DIRECTIONS FOR THIS TASK:
What you return must match the records below character for character, except that no picture appears.
+-------+
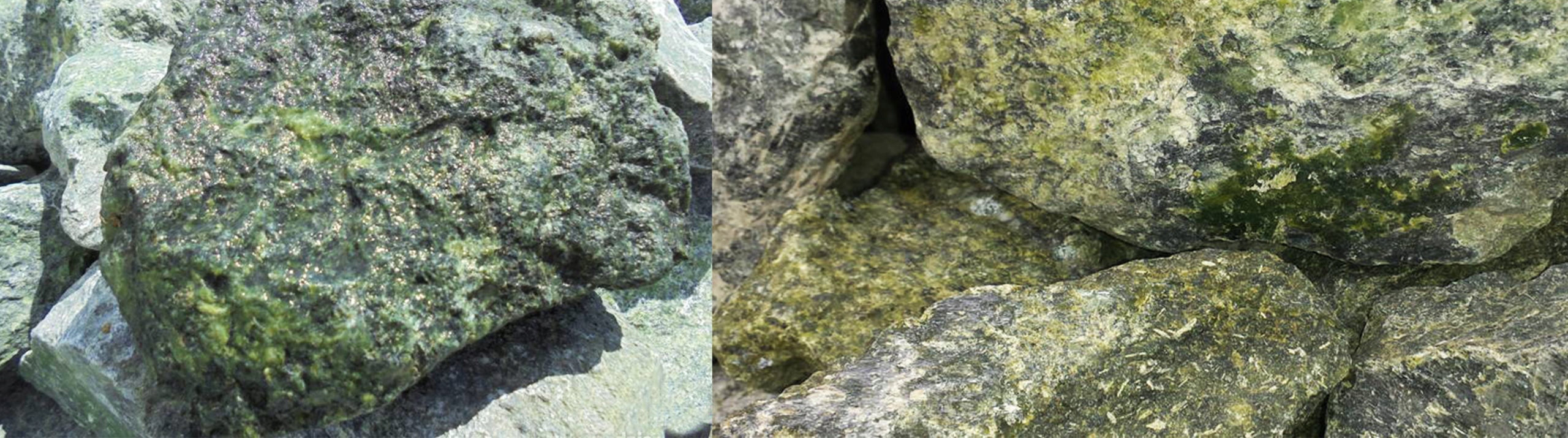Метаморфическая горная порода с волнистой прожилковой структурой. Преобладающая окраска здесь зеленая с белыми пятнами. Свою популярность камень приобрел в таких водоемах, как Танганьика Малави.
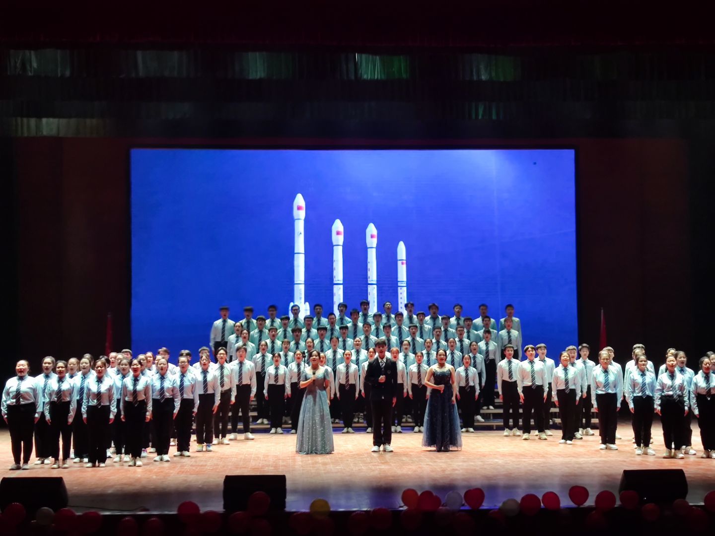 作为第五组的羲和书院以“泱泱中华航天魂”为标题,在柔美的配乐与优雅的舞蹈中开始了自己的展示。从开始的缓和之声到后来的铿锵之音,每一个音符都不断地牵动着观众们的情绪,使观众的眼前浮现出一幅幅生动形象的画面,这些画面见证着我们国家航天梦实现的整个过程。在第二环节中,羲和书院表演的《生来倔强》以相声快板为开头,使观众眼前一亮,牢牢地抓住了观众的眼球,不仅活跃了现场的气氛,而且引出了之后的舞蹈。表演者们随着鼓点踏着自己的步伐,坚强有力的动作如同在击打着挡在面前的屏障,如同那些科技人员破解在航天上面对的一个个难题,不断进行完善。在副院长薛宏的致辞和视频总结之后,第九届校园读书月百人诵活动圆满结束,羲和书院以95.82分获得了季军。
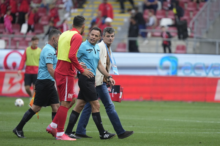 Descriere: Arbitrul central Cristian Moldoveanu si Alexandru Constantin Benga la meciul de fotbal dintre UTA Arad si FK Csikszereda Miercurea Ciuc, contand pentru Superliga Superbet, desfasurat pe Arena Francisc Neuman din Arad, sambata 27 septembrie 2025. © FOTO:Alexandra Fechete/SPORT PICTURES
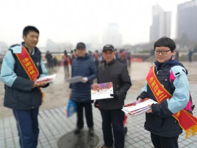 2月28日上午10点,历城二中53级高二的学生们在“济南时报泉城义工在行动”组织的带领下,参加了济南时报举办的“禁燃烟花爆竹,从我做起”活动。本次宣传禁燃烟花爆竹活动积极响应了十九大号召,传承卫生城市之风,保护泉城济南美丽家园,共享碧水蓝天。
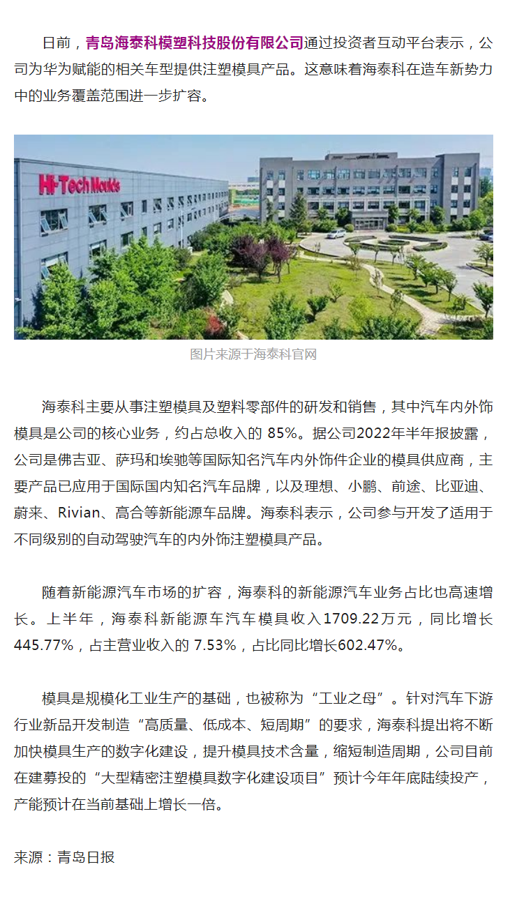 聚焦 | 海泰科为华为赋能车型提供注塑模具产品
+-------+
TASK RESPONSE:
Метаморфическая горная порода с волнистой прожилковой структурой. Преобладающая окраска здесь зеленая с белыми пятнами. Свою популярность камень приобрел в таких водоемах, как Танганьика Малави.
 作为第五组的羲和书院以“泱泱中华航天魂”为标题,在柔美的配乐与优雅的舞蹈中开始了自己的展示。从开始的缓和之声到后来的铿锵之音,每一个音符都不断地牵动着观众们的情绪,使观众的眼前浮现出一幅幅生动形象的画面,这些画面见证着我们国家航天梦实现的整个过程。在第二环节中,羲和书院表演的《生来倔强》以相声快板为开头,使观众眼前一亮,牢牢地抓住了观众的眼球,不仅活跃了现场的气氛,而且引出了之后的舞蹈。表演者们随着鼓点踏着自己的步伐,坚强有力的动作如同在击打着挡在面前的屏障,如同那些科技人员破解在航天上面对的一个个难题,不断进行完善。在副院长薛宏的致辞和视频总结之后,第九届校园读书月百人诵活动圆满结束,羲和书院以95.82分获得了季军。
 Descriere: Arbitrul central Cristian Moldoveanu si Alexandru Constantin Benga la meciul de fotbal dintre UTA Arad si FK Csikszereda Miercurea Ciuc, contand pentru Superliga Superbet, desfasurat pe Arena Francisc Neuman din Arad, sambata 27 septembrie 2025. © FOTO:Alexandra Fechete/SPORT PICTURES
 2月28日上午10点,历城二中53级高二的学生们在“济南时报泉城义工在行动”组织的带领下,参加了济南时报举办的“禁燃烟花爆竹,从我做起”活动。本次宣传禁燃烟花爆竹活动积极响应了十九大号召,传承卫生城市之风,保护泉城济南美丽家园,共享碧水蓝天。
 聚焦 | 海泰科为华为赋能车型提供注塑模具产品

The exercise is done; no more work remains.